Exclude the pictures, then copy word for word the lines running from the beginning of the records through the line with "עקרונות בתזונה נכונה".

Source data
<<<<

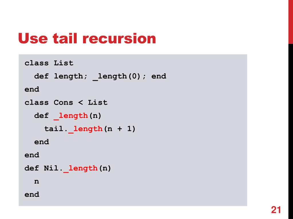 Use tail recursion class List deflength; _length(0); end end class Cons < List def_length(n) tail._length(n + 1) end end defNil._length(n) n end
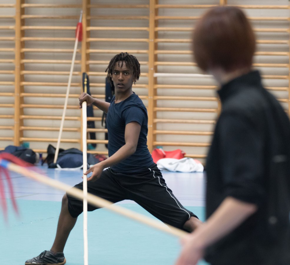 - was passt zu ihr? usw.Benjamin arbeitet hier an seiner Schwertform (Pflichtform 2012), die ihm trotz kurzer Vorbereitungszeit schon ganz ordentlich von der Hand geht.Auch Samara kriegt ihren persönlichen Anschauungsunterricht.Es hat nichts direkt mit dem Training zu tun: Aber der grimmige Blick von Adham ist mir immer wieder ein Bild wert. Wenn man bedenkt, wie liebenswert dieser junge Mann sonst ist...Hier scheint Adham zu fragen:
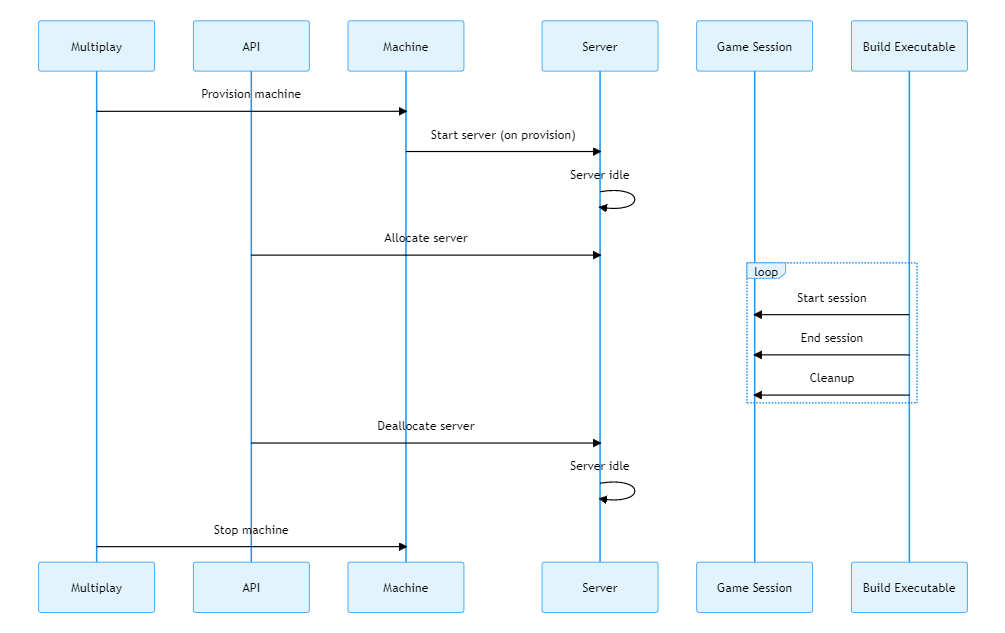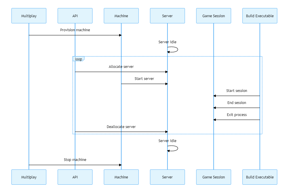 The server lifecycle is the lifecycle of the build executable as a process running on a machine with protected resources. It has three distinct stages: The beginning and end of the server lifecycle varies depending on the requirements of your game. It might start well before or immediately before the allocation lifecycle, and it can end after each allocation or continue for many allocations.
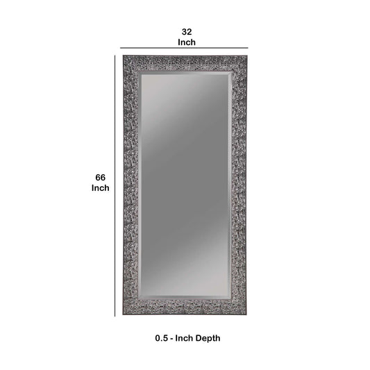Rectangular Beveled Accent Floor Mirror With Gl... Rectangular Beveled Accent Floor Mirror With Glitter Mosaic Pattern, Gray By Benzara
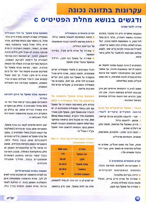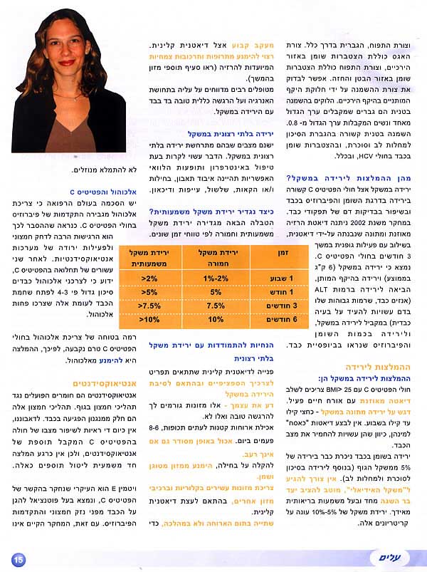 עקרונות בתזונה נכונה ודגשים בנושא מחלת הפטיטיס C  שירה זלבר-שגיא / עלים 13 מרס 2003
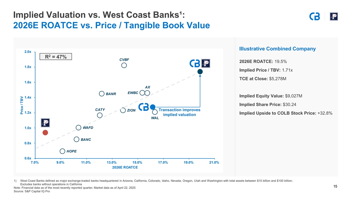 Illustrative Valuation Upside Cost Savings and Expected Multiple Expansion ($M) $0.9B in NPV¹ created by the merger will be shared by Columbia and Pacific Premier Shareholders Value of cost synergies represent a 14% increase over the combined valuations of Columbia and Pacific Premier Columbia a i i emie Combined V o o o ma uity uity Value a ket Cap a ket Cap a ket Cap Syne gies Value Cont ibution Columbia – Pro Forma Trading Analysis (2026) Oppo tunity to Regain Columbia’s Histo i al emium Valuation Cu ent i e aintain Columbia ades o o ma o o ma Columbia s e mp ua otential Columbia at ee i e i e emium to ndust y o o ma i e 1) Assumes 12.5x terminal value multiple applied to pro forma LTM noninterest expense, less amortization of intangibles, at 30% cost savings with a 25% tax rate, less approximately $146 million of after-tax one-time transaction costs 2) Peer group includes nationwide major exchange-traded banks with total assets between $50 billion and $100 billion as of March 31, 2025 14 3) Reflects Columbia’s Price / 2022E EPS premium compared to the NASDA Bank Index’s Price / Forward Earnings 202 as 1of October 11, Note: Market data as of April 22, 2025; Source: S&P Capital IQ Pro
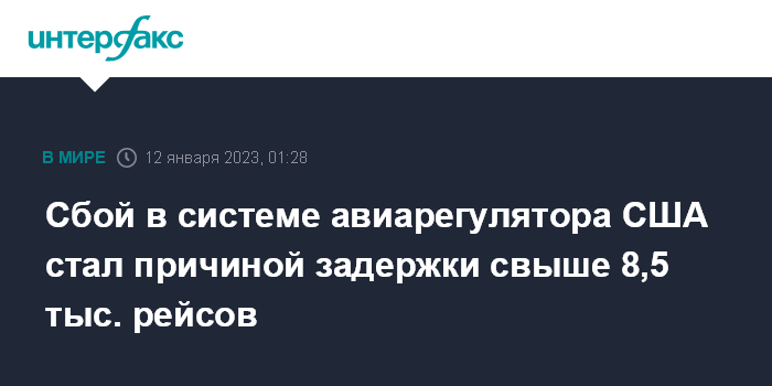Москва. 12 января. INTERFAX.RU - Технический сбой в системе оповещения пилотов федерального управления гражданской авиации США (NOTAM) привел к задержке более 8,6 тыс. рейсов и отмене более 1,2 тыс., сообщает телеканал CNN.
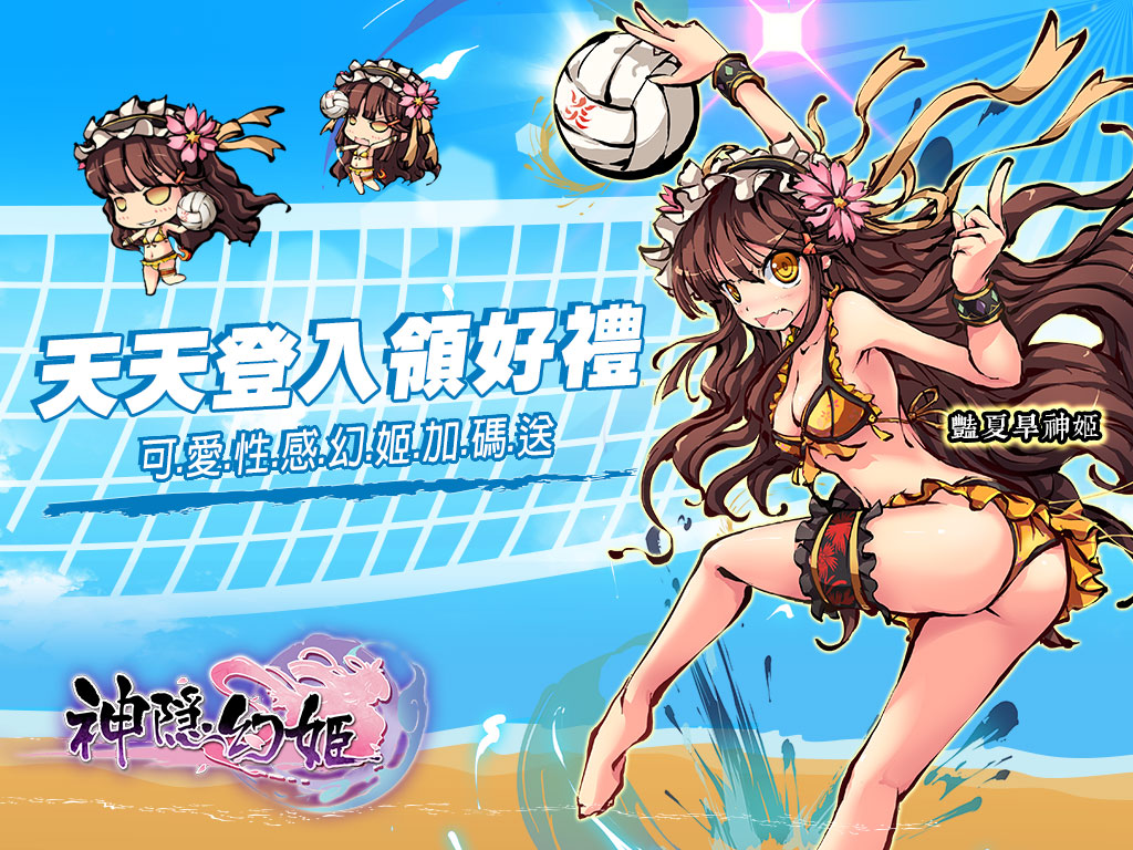 神隱幻姬》遊戲,天天都可以領到登入好禮,裡面有能讓幻姬快速升等的『祭祀陰陽學徒』、可以用在祭壇裡召喚幻姬角色的『靈玉祈願石』、『羈絆祈願石』及『判幣箱』,還有能讓幻姬升階的道具組... 等豐富獎勵,而且在 11 月底前累積滿 30 天登入,還加送限定的『豔夏旱神姬』幻姬角色,如此豐富的獎勵絕對讓玩家大呼過癮,充分享受遊戲的樂趣。
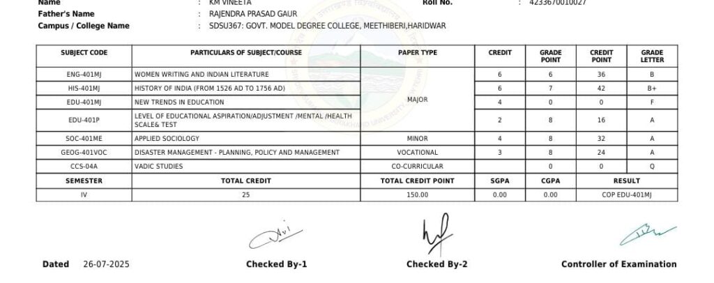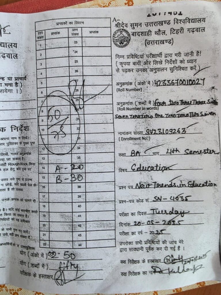 श्री देव सुमन उत्तराखंड विश्वविद्यालय बादशाइथोल के कारनामे एक के बाद एक उजागर हो रहे हैं। हाल ही में राजकीय मॉडल महाविद्यालय मीठीवेरी हरिद्वार के बी.ए. 4th सैम के एक छात्र को मार्कशीट में फेल कर दिया। छात्र काफी होशियार था इसलिए उसने आरटीआई के माध्यम से जब अपनी कॉपी को निकलवाया तो शिक्षा शास्त्र में उसके 75 में से 50 नंबर आ करके 1st क्लास से पास हो गया। यदि छात्र आरटीआई ना डालता तो उसका बैक एग्जाम सुनिश्चित था।
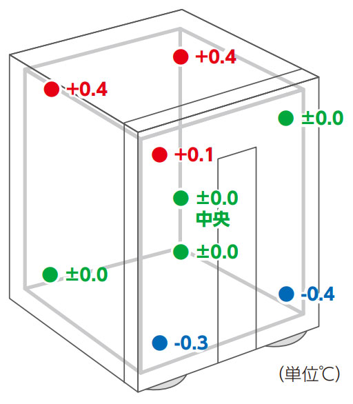 周囲温度25℃、庫内設定温度35℃における庫内中央を基準とした温度分布(無負荷時)
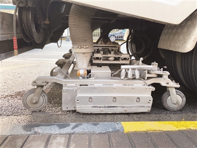 值得一提的是,身价不菲的“道路污染清除车”在杨浦区仅有一台。无论从身材还是功能来看,都远超普通环卫清扫车。杨浦环境发展有限公司业务部副经理章竞介绍道,在污染严重的区域,比如有严重油渍的情况下,“道路污染清除车”能够对路面进行全方位的强力去污行动。“这台车是针对道面污染设计的。它有一个30兆帕的细小的微孔喷射装置,能在沥青路面上达到清除缝隙污染物质的效果。此外,它有一个1万兆帕左右的负压,能把冲洗污水全部吸入车内进行循环处理。”

>>>>

### Solution
 Use tail recursion class List deflength; _length(0); end end class Cons < List def_length(n) tail._length(n + 1) end end defNil._length(n) n end
 - was passt zu ihr? usw.Benjamin arbeitet hier an seiner Schwertform (Pflichtform 2012), die ihm trotz kurzer Vorbereitungszeit schon ganz ordentlich von der Hand geht.Auch Samara kriegt ihren persönlichen Anschauungsunterricht.Es hat nichts direkt mit dem Training zu tun: Aber der grimmige Blick von Adham ist mir immer wieder ein Bild wert. Wenn man bedenkt, wie liebenswert dieser junge Mann sonst ist...Hier scheint Adham zu fragen:
 The server lifecycle is the lifecycle of the build executable as a process running on a machine with protected resources. It has three distinct stages: The beginning and end of the server lifecycle varies depending on the requirements of your game. It might start well before or immediately before the allocation lifecycle, and it can end after each allocation or continue for many allocations.
Rectangular Beveled Accent Floor Mirror With Gl... Rectangular Beveled Accent Floor Mirror With Glitter Mosaic Pattern, Gray By Benzara
 עקרונות בתזונה נכונה ודגשים בנושא מחלת הפטיטיס C  שירה זלבר-שגיא / עלים 13 מרס 2003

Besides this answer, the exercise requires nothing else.